***** Working data
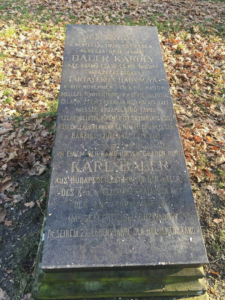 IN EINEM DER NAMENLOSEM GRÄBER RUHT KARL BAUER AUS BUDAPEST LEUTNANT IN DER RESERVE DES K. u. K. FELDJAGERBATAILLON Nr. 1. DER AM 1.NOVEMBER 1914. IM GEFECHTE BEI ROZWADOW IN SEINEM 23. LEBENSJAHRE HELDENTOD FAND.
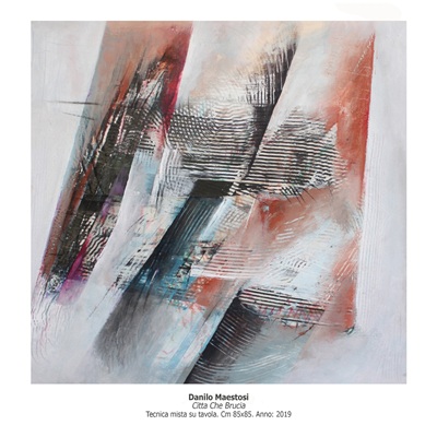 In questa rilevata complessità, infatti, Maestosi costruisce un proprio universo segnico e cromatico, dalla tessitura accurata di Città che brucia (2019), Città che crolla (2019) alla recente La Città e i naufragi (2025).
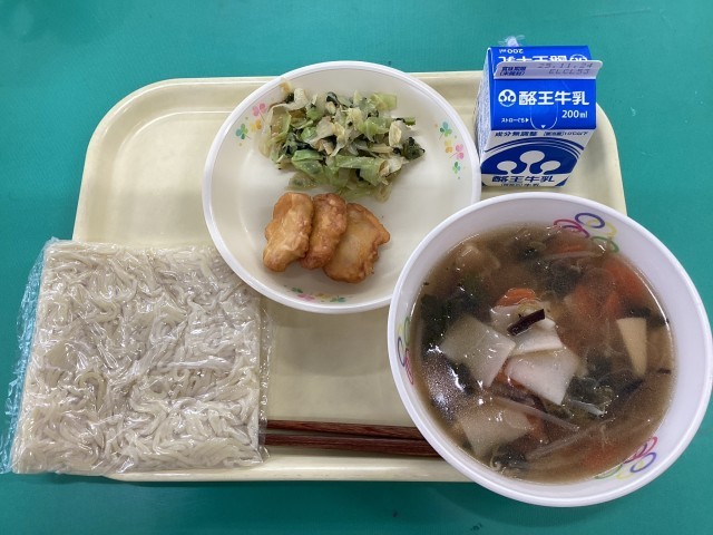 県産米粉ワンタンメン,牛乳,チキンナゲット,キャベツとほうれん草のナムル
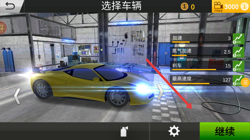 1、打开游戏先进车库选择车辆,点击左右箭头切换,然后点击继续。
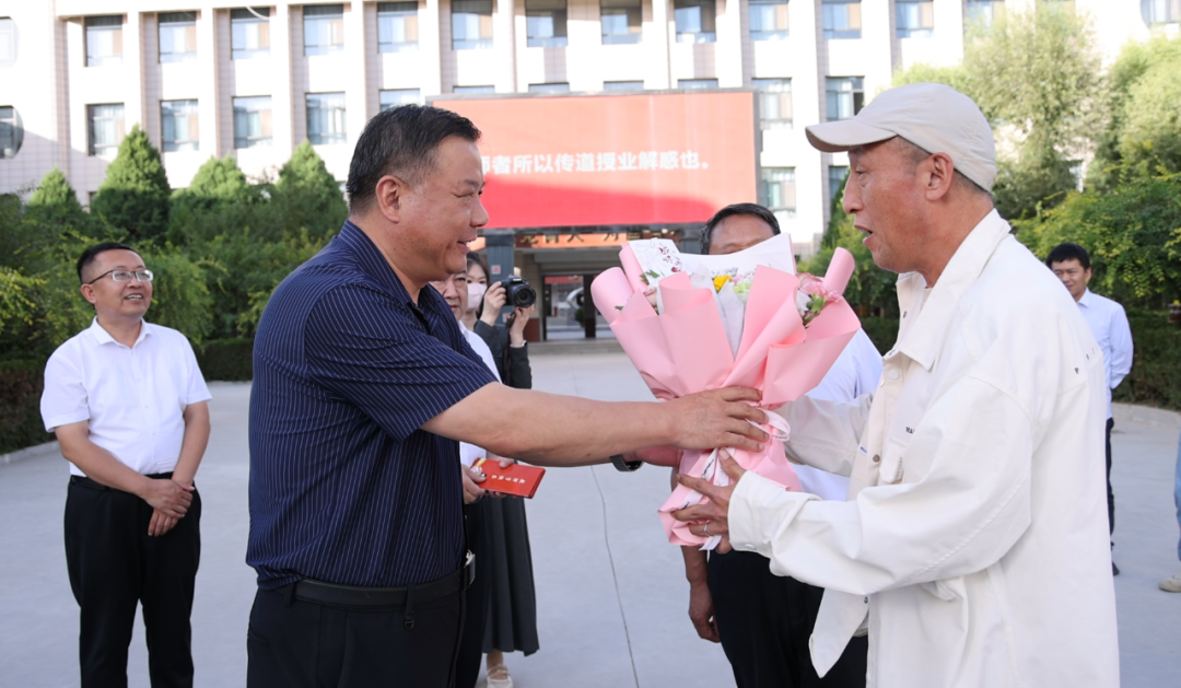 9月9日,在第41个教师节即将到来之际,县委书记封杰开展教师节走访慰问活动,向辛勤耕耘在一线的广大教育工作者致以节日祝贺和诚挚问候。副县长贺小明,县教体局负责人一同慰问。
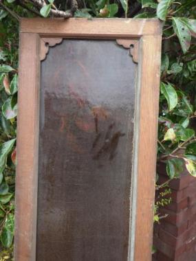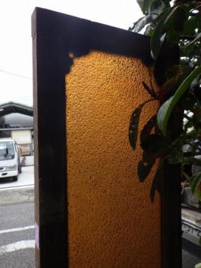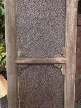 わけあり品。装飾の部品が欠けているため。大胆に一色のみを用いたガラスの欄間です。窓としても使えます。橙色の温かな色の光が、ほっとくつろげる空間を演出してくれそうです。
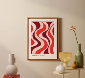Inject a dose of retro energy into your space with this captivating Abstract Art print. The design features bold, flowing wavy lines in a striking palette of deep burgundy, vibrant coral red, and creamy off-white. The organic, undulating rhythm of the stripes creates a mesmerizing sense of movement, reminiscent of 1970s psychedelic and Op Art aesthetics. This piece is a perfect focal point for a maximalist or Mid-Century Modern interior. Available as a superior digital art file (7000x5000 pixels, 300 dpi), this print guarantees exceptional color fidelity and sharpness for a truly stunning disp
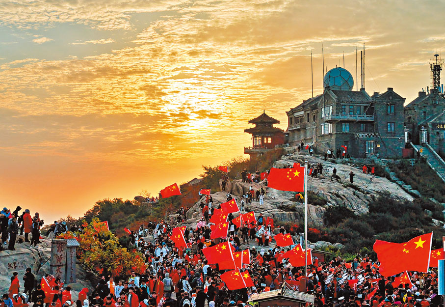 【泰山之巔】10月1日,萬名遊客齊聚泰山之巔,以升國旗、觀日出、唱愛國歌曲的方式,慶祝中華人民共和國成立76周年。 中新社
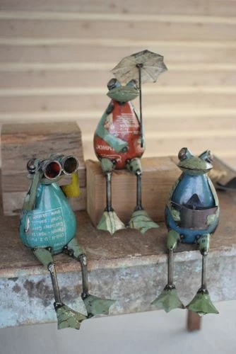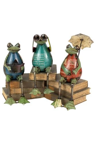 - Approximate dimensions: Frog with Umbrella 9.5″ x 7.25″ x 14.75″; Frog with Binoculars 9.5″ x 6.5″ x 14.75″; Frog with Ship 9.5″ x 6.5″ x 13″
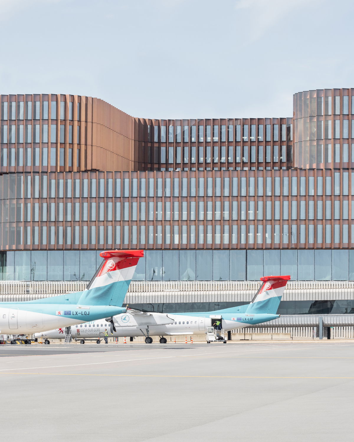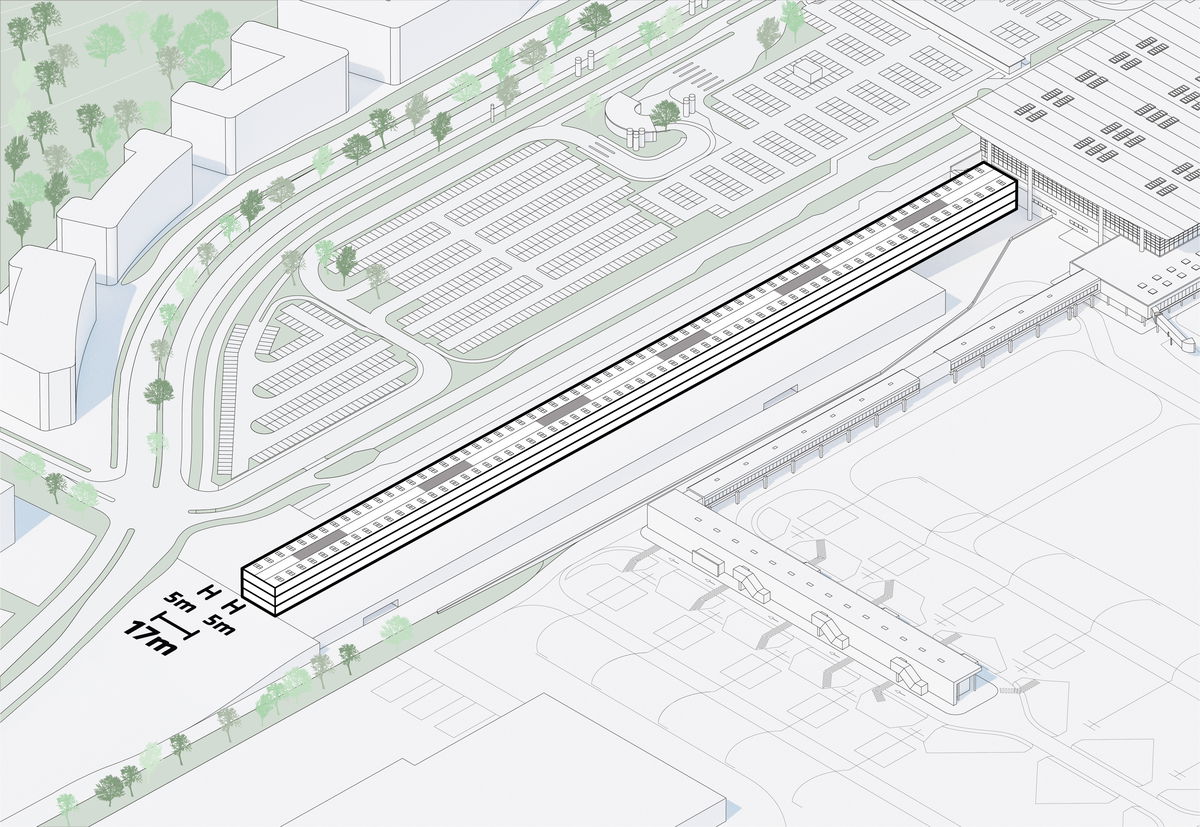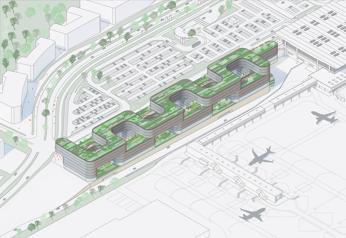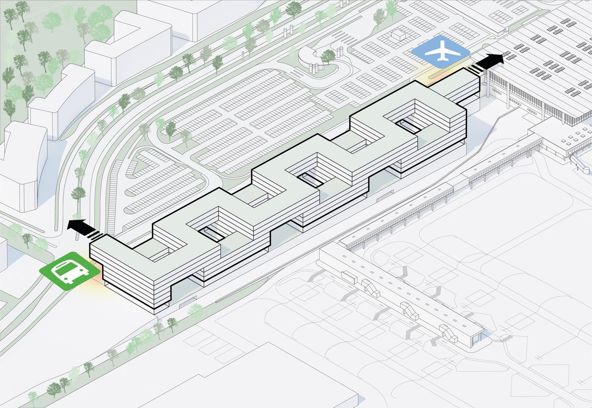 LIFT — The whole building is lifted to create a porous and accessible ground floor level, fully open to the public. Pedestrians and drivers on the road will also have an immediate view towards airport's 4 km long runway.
**********
* To do
When copying from the data above, print only the lines from the line containing "9月9日,在第41个教师节即" to the line containing "わけあり品。装飾の部品が欠け", exactly, and leave the pictures out.

* Exercise solution
 9月9日,在第41个教师节即将到来之际,县委书记封杰开展教师节走访慰问活动,向辛勤耕耘在一线的广大教育工作者致以节日祝贺和诚挚问候。副县长贺小明,县教体局负责人一同慰问。
 わけあり品。装飾の部品が欠けているため。大胆に一色のみを用いたガラスの欄間です。窓としても使えます。橙色の温かな色の光が、ほっとくつろげる空間を演出してくれそうです。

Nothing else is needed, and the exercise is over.